Через мгновение разразился громкий хохот понявших шутку. Пожалуй, чуть ли не громче всех хохотал сам связист Валерий. По крайней мере три черты воедино слились в его характере: неподдельная искренность, старший лейтенант неутомимая работоспособность и редкая скромность.

Так вот, Валерий Захарович Семыкин за короткое время пребывания в батальоне успел стать особенно авторитетным офицером, чему совершенно не мешало то, что он был штрафником.

Формирование роты и взводов усиления, пулеметного, ПТР и даже минометного, было в стадии, когда усиленная рота уже достигла готовности вести самостоятельно боевые действия. Обстановка тогда складывалась не лучшим образом. Это нам, правда, стало известно позднее: еще 5 сентября 65-я армия генерала Батова захватила плацдарм на реке Нарев севернее Варшавы в районе Пултуска-Сероцка и с трудом удерживала его. Однако после 15 сентября немцам удалось потеснить «батовцев» и несколько смять фланги этого плацдарма, который тогда еще устоял. Немецкое командование не прекращало усилий для его ликвидации. Как писал в своей книге «В боях и походах» командарм 65-й генерал Батов Павел Иванович, «4 октября последовал огромной силы контрудар. Это было для нас полной неожиданностью. Враг перешел в наступление. Немецкие танки дошли через боевые порядки чуть ли не до самого берега».

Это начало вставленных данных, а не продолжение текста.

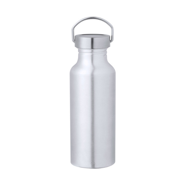 Fles met een inhoud van 650 ml, gemaakt van gerecycled aluminium met een glanzende afwerking. Met originele bijpassende zilveren schroefdop en geïntegreerd handvat. Verkrijgbaar in een reeks stijlvolle kleuren. Met logo van gerecycled aluminium, BPA-vrij en gepresenteerd in een individuele kraft-designdoos.Gerecycled aluminium is een materiaal met vrijwel oneindige recyclingmogelijkheden, waarbij het zijn oorspronkelijke eigenschappen behoudt en tijdens dit proces minder energie verbruikt.GRS-certificering (Global Recycled Standard), die de gerecyclede oorsprong garandeert van het materiaal dat wordt gebruikt om het product te vervaardigen."

Как оказалось, оборона плацдарма тогда местами не выдержала напора противника. Вот что дальше писал генерал Батов:

«Многие батальоны стали отступать. Противник разорвал боевой порядок на стыке и вышел к Нареву… Во второй половине дня 6 октября фашистским танкам удалось вклиниться в нашу оборону. Его атаки продолжались до 10 октября. Нашему плацдарму на Нареве уделяли очень большое внимание и руководство Фронта, и представители Ставки во главе с Г. К. Жуковым».

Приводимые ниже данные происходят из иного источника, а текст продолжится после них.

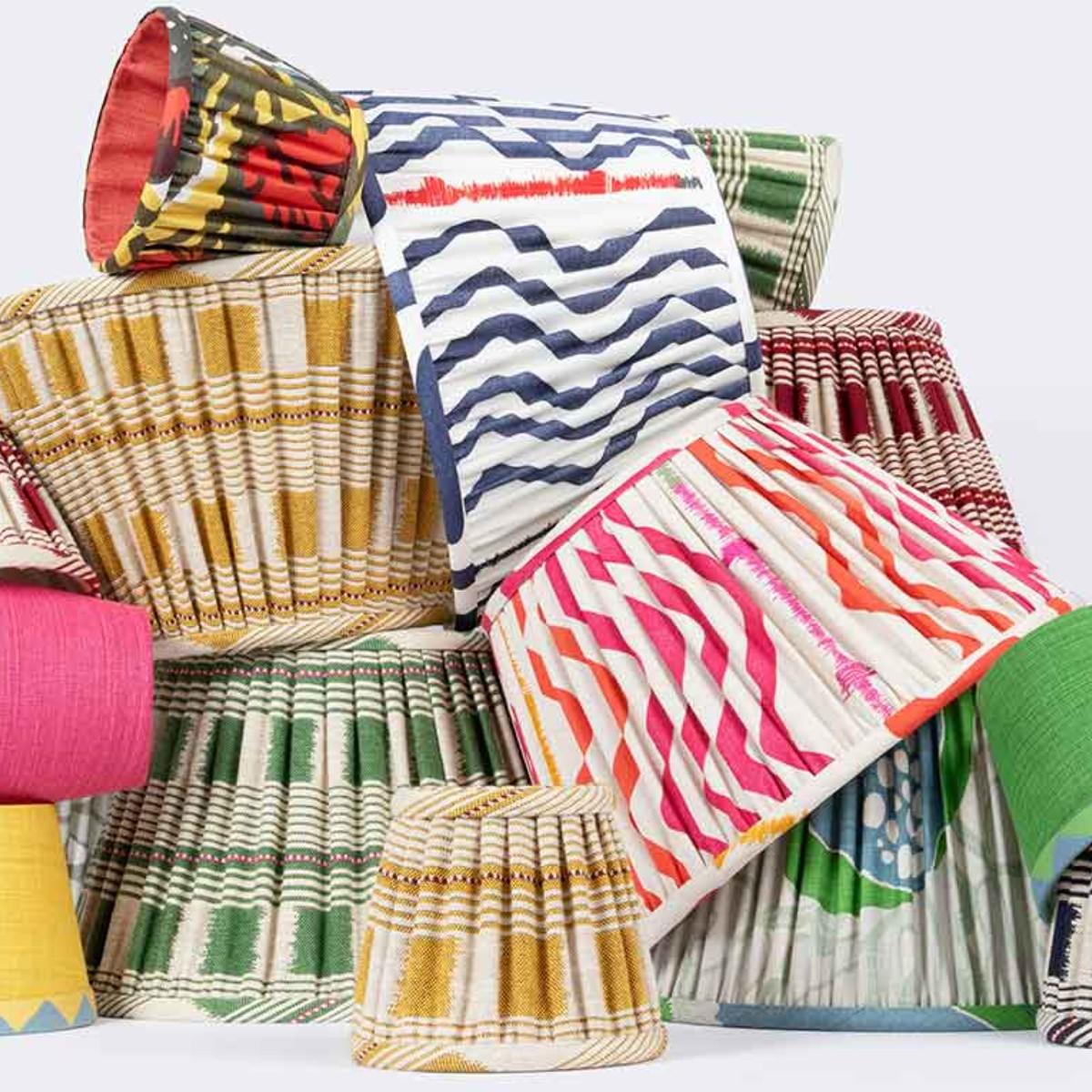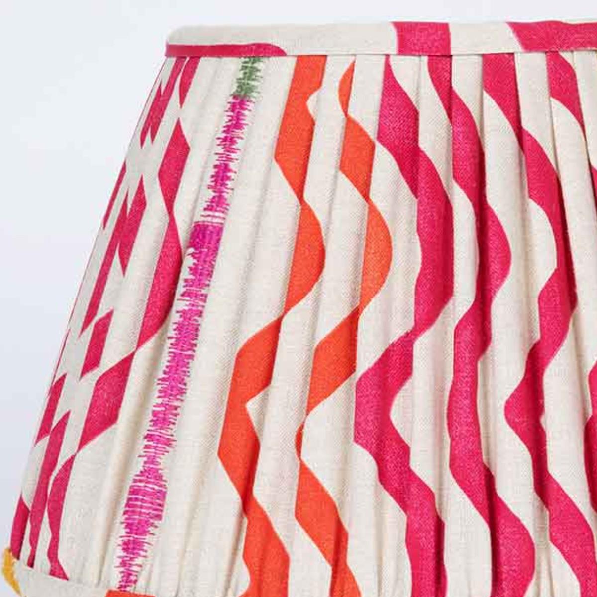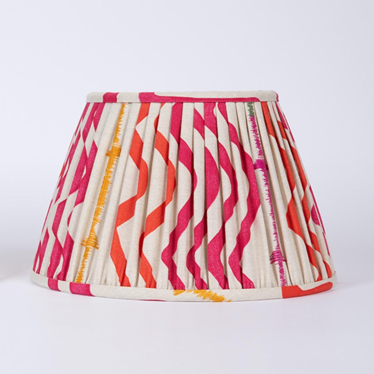 Illuminate your space with Christopher Farr Cloth's charming 14” Rick Rack Lampshade with a UK/EU Fixed Gimbal fitting, crafted from vibrant Hot Pink Rick Rack Kit Kemp fabric, printed in Ivos London and enhanced with hand-guided embroidery. This delightful shade boasts a captivating pleated design on a robust 14" metal frame, lined with luxurious Malmedy Linen in Natural. It effortlessly infuses a playful elegance that brightens any room. Handcrafted in London with meticulous attention to detail, this lampshade is more than just a lighting fixture—it’s a distinctive statement piece that adds warmth and personality to your home. Lampshades from Christopher Farr's CLOTHSHOP collection feature beloved best-selling fabrics and are available in two sizes: 6" and 14" for the UK, EU, and US markets. If you’re interested in a custom-sized lampshade, please get in touch—we're delighted to accommodate your request! Please note that the lead time for custom orders is four weeks, and prices may vary for bespoke designs.

В то время, по своему лейтенантскому, еще сравнительно узкому, кругозору, мы, будучи всего только взводными командирами, не могли даже приблизительно судить о причинах этой неудачи. Только после войны, изучая воспоминания военачальников и военно-исторические труды, я кое-что для себя прояснил, о чем упомяну ниже. Но, видимо, на плацдарме создалась особо угрожающая обстановка, если, по словам Павла Ивановича Батова, «командующий фронтом маршал Рокоссовский перенес свой наблюдательный пункт на НП 65-й Армии». И по приказу Рокоссовского в помощь генералу Батову стали выдвигаться с других участков фронта и из фронтового резерва танковый корпус и несколько стрелковых дивизий.

Маршал Советского Союза К. К. Рокоссовский

Видимо, командующий фронтом вспомнил и о «банде Рокоссовского», как наш штрафбат величали немцы, о его напористости и бесстрашии, если нам было приказано 16 октября срочно грузиться в автомобили, чтобы убыть туда же, на плацдарм. И наш штрафбат, как маленький ручеек, влился в мощный поток войск, двигавшихся и днем и ночью к плацдарму. Навстречу этому потоку шли и шли вереницы людей, освобожденных из фашистской неволи, с детьми, раздетыми и разутыми… Мы даже обгоняли армейские машины, часто с девушками-солдатками то ли передислоцирующихся госпиталей, медсанбатов, или даже расчетов зенитно-артиллерийских установок. Не знаю, вернее не совсем уверен, с чем это связано, но как только попадались такие машины, наши бойцы кричали: «Воздух!», «Рама!» — как при воздушной тревоге. Может быть, таким образом они связывали это с последующей в таких случаях командой «ложись!», или двухфюзеляжная «рама» что-то им напоминала?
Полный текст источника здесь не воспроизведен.